The CEO of Atos’ Tech Foundations business recently updated industry analysts on its transformation program.

We have commented about the turbulent period Atos Group is going through in splitting into two businesses (Tech Foundations and Eviden). The planned sale of Tech Foundations to Czech billionaire Daniel Kretinsky’s EP Equity Investment (EPEI) vehicle is going ahead, with completion now expected in early Q2 2024. Tech Foundations will retain the Atos brand name.

We were interested in portfolio developments at Tech Foundations and progress in its portfolio transformation and reducing the level of problematic (‘red’) contracts.

In terms of portfolio simplification, Tech Foundations is exiting its BPS activity in the U.K. And in October, it finally exited Unify, its UCC business, and divested to Mitel Networks. It has also significantly ramped down its VAR business to reduce its low-margin activities. The focus now is primarily on offerings such as digital workplace that it can provide in an industrialized manner, and on helping clients manage the complexity of hybrid multi-cloud.

There has also been some portfolio development in these areas; for example, digital workplace sustainability in office equipment: Tech Foundations is launching Atos Tech 4 Good Assistant, a dashboard to help end-users monitor their environmental performance and uninstall unused applications or switch off their laptops. It has also launched a dashboard, Sustainable Workplace, at the enterprise level.

Tech Foundations is also deploying its Technical Services unit in new geographies, primarily the U.S. and Spain. The unit has launched a consulting service targeting workplace and data center transformation and service integration. TS is its highest-growth unit and expands its position in build services rather than run services, which tend to have lower margins. Peers such as Kyndryl and DXC have similar initiatives.

In terms of red contracts, there has been substantial progress, often through exits rather than renegotiation. In 2021, these represented 13% of its contracts. That proportion reduced to 8% in 2022 and is now approaching 6%, much closer to the level of some major IT infrastructure service-centric peers. This continues, with some of the exits being major moves; e.g., the recent NEST exit in the U.K., a contract that was worth £1.5bn over 18 years.

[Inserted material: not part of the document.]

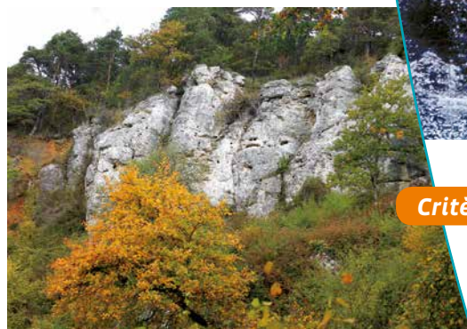
Au pied des falaises

récentes révèle le développement végétal conséquent qui atténue l'impact visuel important des falaises sur des vues lointaines. Toutefois, en haut des falaises, le « sentier de pays de la côte des Blancs » permet la découverte d'un très beau panorama sur le vignoble et le plateau de la Brie.
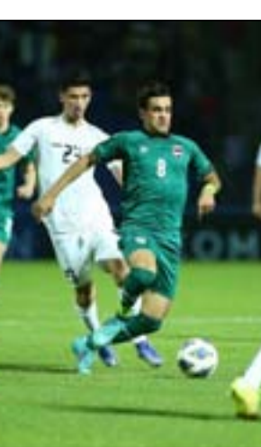
فريق المنتخب الوطني

وصولا إلى ركلات الجزء الترويجية التي كسبها (٢-٣) وتأهل الى المربع الذهبي. وسبق لسوكوب أن فشل في نهائي غرب آسيا تحت ٢٣ بعد الخسارة من السعودية

There is a renewed focus on strengthening client intimacy, including a new client advisory group. The focus is driving conversations at the CXO level with priority clients in each region to understand and address critical client challenges through co-creation with Atos and its partner ecosystem.

Tech Foundations’ recovery is, of course, a multi-year journey. Recent financial results indicate some progress. In Q1-Q3 2023, its revenues were down 4.4% y/y in CC, impacted by the ramp-down in VAR and BPS activities. This performance lies between Kyndryl (-1.7%, NelsonHall estimate) and DCX GIS (we estimate -9.3%). For FY22-24, Tech Foundations is targeting 0% to 2% annual growth, with a rebound commencing in 2025.

Taking the Tech Foundations business private might be helpful. Its multi-year transformation will probably be more suited to an investor with a multi-year investment horizon than the quarterly mindset of many shareholders in public companies. We would expect EPEI to invest to help Atos expand its service portfolio. Security will be a priority even if the unit retains its security monitoring capabilities following the split. Application migration to the cloud is another potential acquisition area, complementing its expertise around infrastructure migration to the cloud.

The dust should settle for Tech Foundations (the new Atos) in H1 2024.